Boekrecensie

Titel: Gelders gekookt, deel I
Auteur: Humphrey Ottenhof
Uitgeverij: Project DWZ-MAW
Zevenaar, 1998

Recensie door Christine Brandenburg - 13 januari 1999

Aandacht voor de regionale keuken

Veel recepten in hedendaagse kookboeken vinden hun oorsprong in de internationale culinaire wereld. Toch is ook een grote hang naar de ouderwetse, streekgebonden eetcultuur van vroeger te bespeuren. Niet alleen worden in ”kookland” Italië typische streekrecepten van oude Toscaanse boerinnen voor uitsterven behoed door publicatie ervan in vaak prachtige kookboeken, ook in ons land bestaat steeds meer belangstelling voor de regionale keuken.

Zo is Humphrey Ottenhof heel Gelderland doorgetrokken om recepten op te tekenen uit de mond van Gelderse autochtonen die al generaties lang volgens tradities koken. Het resultaat hiervan is, behalve een kookboek, ook een kroniek van een bijna verloren gegane tijd op het Gelderse platteland. Ottenhof laat de mensen in hun eigen, onvervalste dialect aan het woord.

Met behulp van Anjolien Frederiks, die een kookschool drijft in Oosterbeek, werden de recepten voor publicatie geschikt gemaakt of aan de hedendaagse smaak aangepast. Wie wil nog van een ”hele griezel” (varkenskop) ”heufdkeis” maken door de kop „vuuf uur in woater en zout” te koken?
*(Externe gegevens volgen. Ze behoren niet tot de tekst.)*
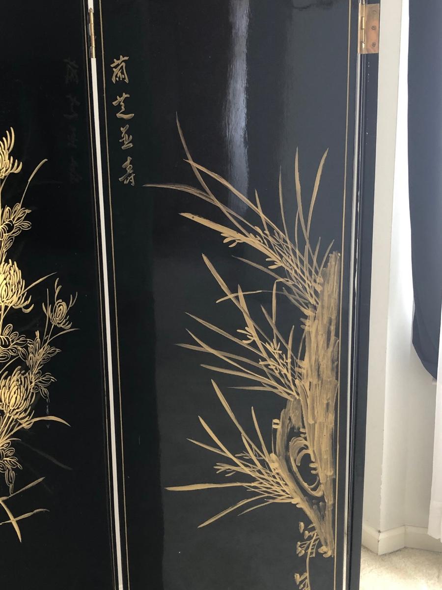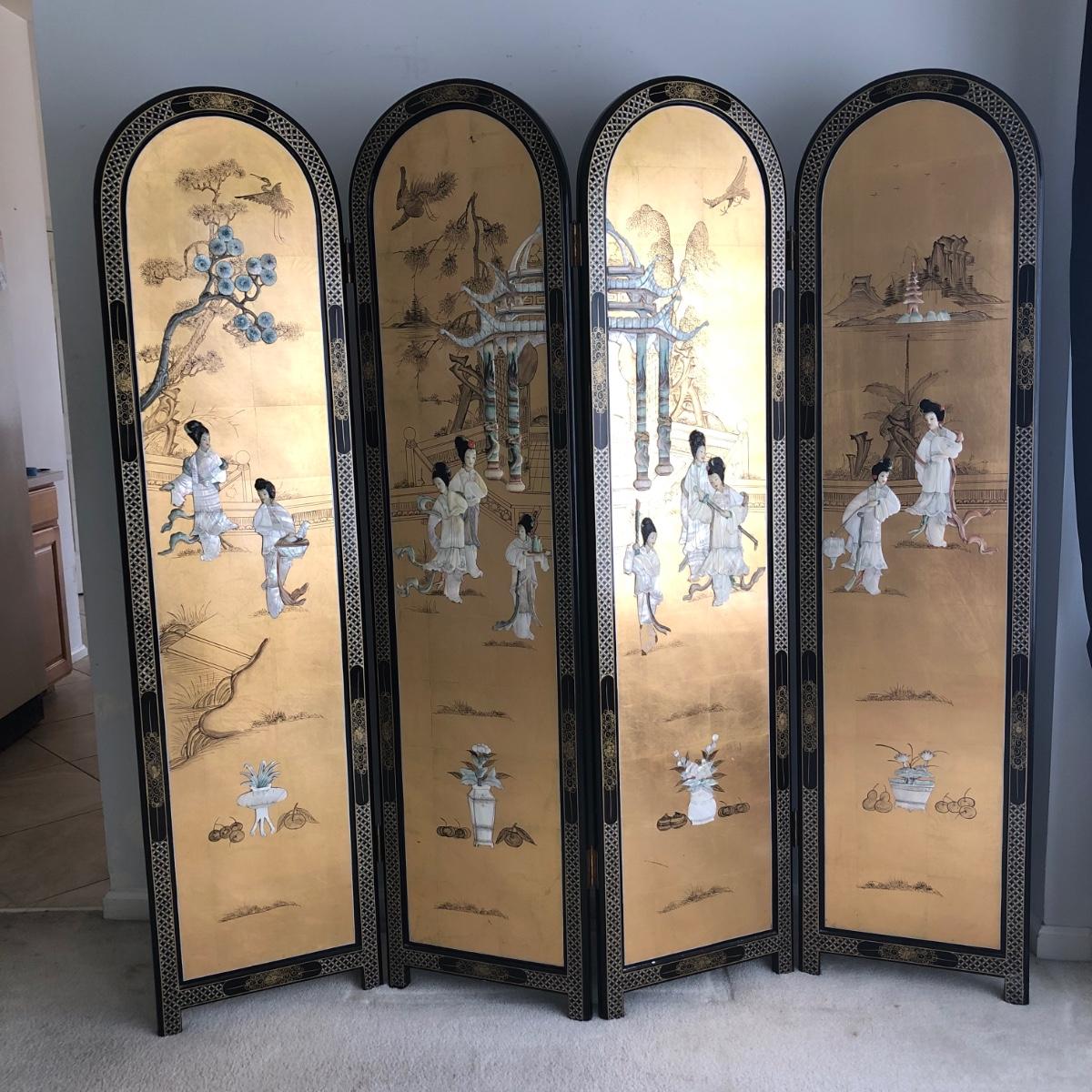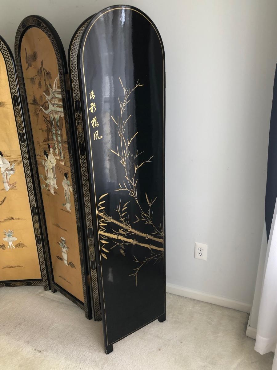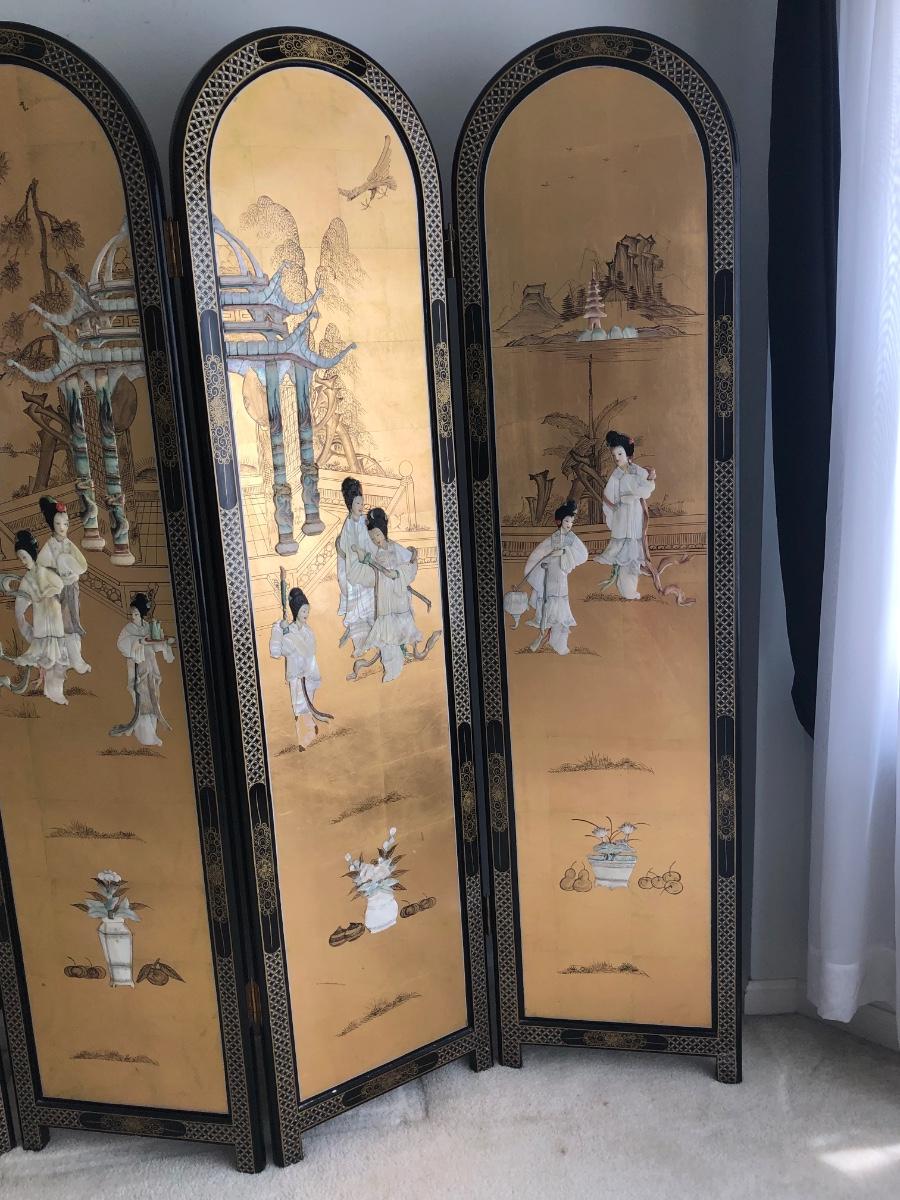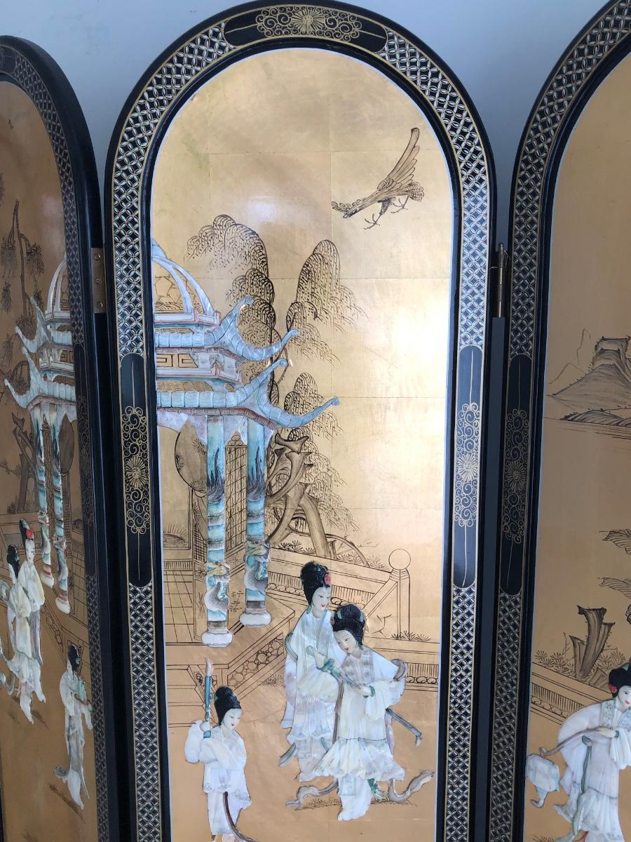 LOT 17G: Gorgeous Mid-Century Asian Folding Screen / Panel Divider w/ Iridescent Carved Accents

Frederiks geeft hiervoor een patérecept als meer hedendaagse variant op de verwerking van „slachtspul.”

Ook de stadsbrouwer uit Nijmegen en een tabaksspecialist uit Wageningen komen aan het woord om de maaltijd met een goed glas en de juiste sigaar te completeren.

Vele streekrecepten passeren de revue, zoals humkessoep, kruudmoes en heite bliksem. Sommige, zoals zure haring met bonen, moet men léren eten, zoals het onderschrift vermeldt.

Folklore
In het boek zijn wel aandoenlijke kiekjes opgenomen van degenen die recepten aangeleverd hebben, maar plaatjes van het beoogde eindresultaat ontbreken. De duidelijke receptuur, die gelukkig voornamelijk in algemeen Nederlands gesteld is, maakt het gemis aan culinaire foto's ruimschoots goed.

De liefhebber van folklore komt volledig aan zijn trekken als Dinie Hidding in haar eigen ”Zwiepse taal” sappig vertelt hoe ”pannekooke met wors” klaargemaakt moet worden. Door het overweldigende aanbod van recepten is deel II in de maak.